Две ветки ольхи дрогнули и упали наземь, срезанные как ножом, посыпались мелкие шишки. Малиновка вспорхнула и улетела. Пусть ее.
Песня самого убийцы полилась легко и победно, в ее звуках было торжество выигранного боя и неотвратимость камнепада. Он сделал то, что хотел.
Глава 1
Мир, где говорят цветами
Уходить из дома навсегда надо как можно незаметнее.
Эшлин заколола медные волосы в высокую прическу, чтобы не теребить кончик привычной косы. Иначе это слишком выдавало бы ее тревогу, что мать могла заметить. Сегодня, в день совершеннолетия наследника, когда к семье Муин рода Ежевики прибудут гости, проще всего незаметно исчезнуть.
Стоило задуматься, плетистая роза больно уколола палец. Эшлин прижала его к губам, чтобы не вскрикнуть, привлекая внимание. Ей нужна была хотя бы четверть часа в тишине и одиночестве, чтобы понять, какую глупость она задумала, ужаснуться и… отправиться по намеченному пути дальше. Без сожалений. Как и положено взрослой, хоть и юной ши.
Павильон над рекой, который украшала к празднику Эшлин, был местом величественным и изящным одновременно. С холма от павильона спускались 23 розовые мраморные ступени к пристани, а с другой стороны – пруд с красными и белыми водяными лилиями, отражавший небо. С крыши павильона Эшлин видела и сосновую рощу, и холмы вдалеке, и дорогу, которая в речной долине выглядела так нарочито, словно ребенок провел посреди картины жирную полосу ореховыми чернилами.
Эшлин перевязала палец платком и продолжила оплетать крышу павильона стеблями плетистых роз. Роза оранжевая, как тревожное полнолуние, – радость долгожданной встречи. Роза розовая, рассветная – начало чего-то нового, первый шаг дороги. Цветы имели смысл. Всегда. Цветы говорили, говорили и травы, и деревья.
Будь Эшлин такой же, как другие ши, укол шипа затянулся бы раньше, чем она расправила очередной бутон. Затянулся бы, если бы не то, что она совершила год назад. Та глупость убивала ее, понемногу отнимая силы.
«Если не выйдет все, что я задумала, то я хотя бы попыталась», – упрямо вздохнула Эшлин про себя, вытаскивая из сплетения листьев очередной бутон, розовый, тугой, нежный. Он тонко пах лимоном и сладостями, какие готовят на свадьбу, и речной водой одновременно. Если принюхаться – начинала приятно кружиться голова. Еще так пахло от матери. От ее волос, платьев и лент.

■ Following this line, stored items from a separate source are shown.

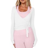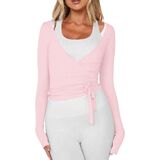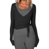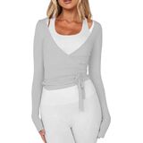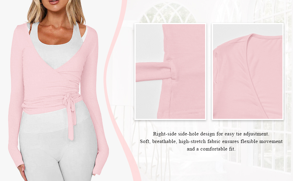 Ballet Wrap Pilates Top: Designed with an elegant front-wrap construction, this pilates top features self-tie straps, a deep V neckline, long sleeves, and a cropped silhouette. A carefully placed side opening allows the wrap to pass through, becoming a functional part of the design. The slim yet flexible fit makes it easy to slip on while supporting comfortable, unrestricted movement.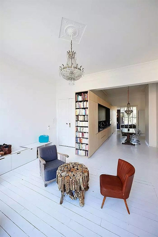 Une pile de livres ajoute de la couleur à cet espace de vie «stérile» (tiré de Resolution: 4 Architecture).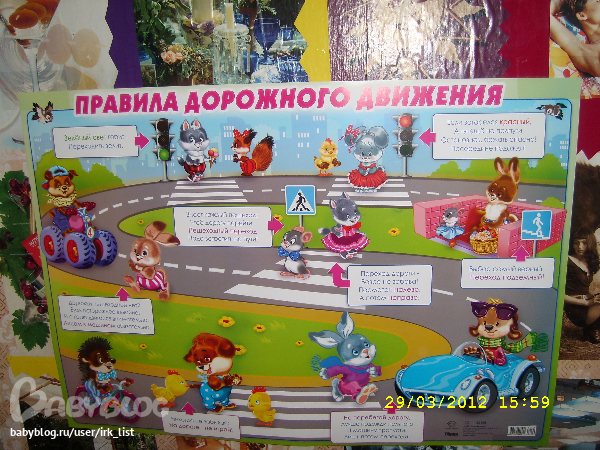 Плакат. Мне не очень понравилось, что зайка девочка на красный свет встала посреди дороги (мы это обсудили), и в нижней части все заняты тем, что нельзя: не играй на дороге, не беги через дорогу. Отрицательная частица плохо воспринимается. Но другого не было, ребенок доволен!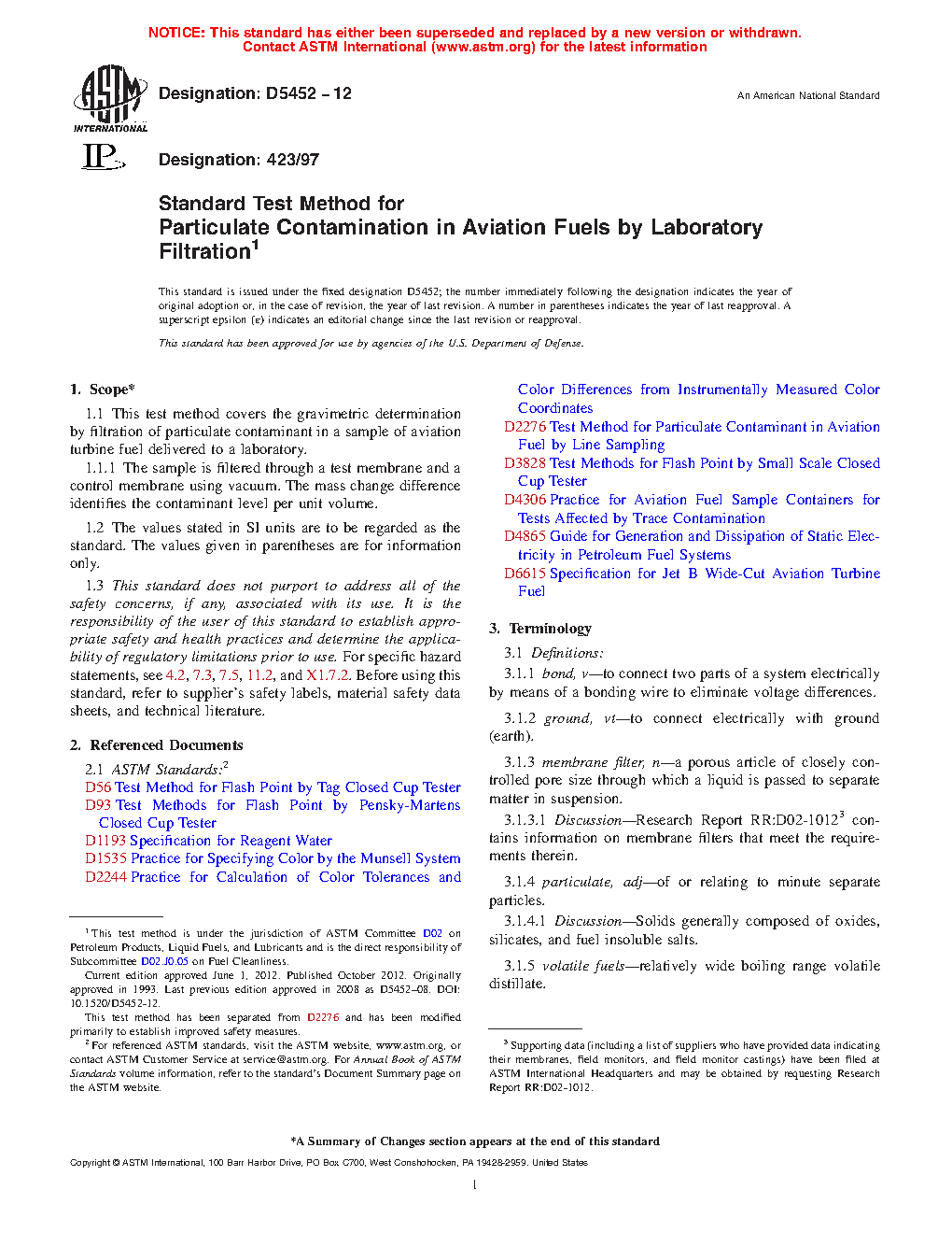 1.1 This test method covers the gravimetric determination by filtration of particulate contaminant in a sample of aviation turbine fuel delivered to a laboratory.

Вырастить розы куда проще, чем сделать из них приличное украшение, расположив цветы не только верным рисунком, но и с верным смыслом. Для Ройсин, матери Эшлин, сад был тем самым шедевром, который отличает мастера от профана, поэтому к приходу гостей в нем все должно было быть идеально. До идеала оставалось еще около трети круглой крыши. Хорошо, что правило приличий, которое запрещает тратить магические силы на то, что можно сделать и без них, уберегло Эшлин от очередных объяснений, почему она не может снова надеть свой Кристалл Души. Даже больше одиночества и бессилия ей за этот год надоело вранье близким.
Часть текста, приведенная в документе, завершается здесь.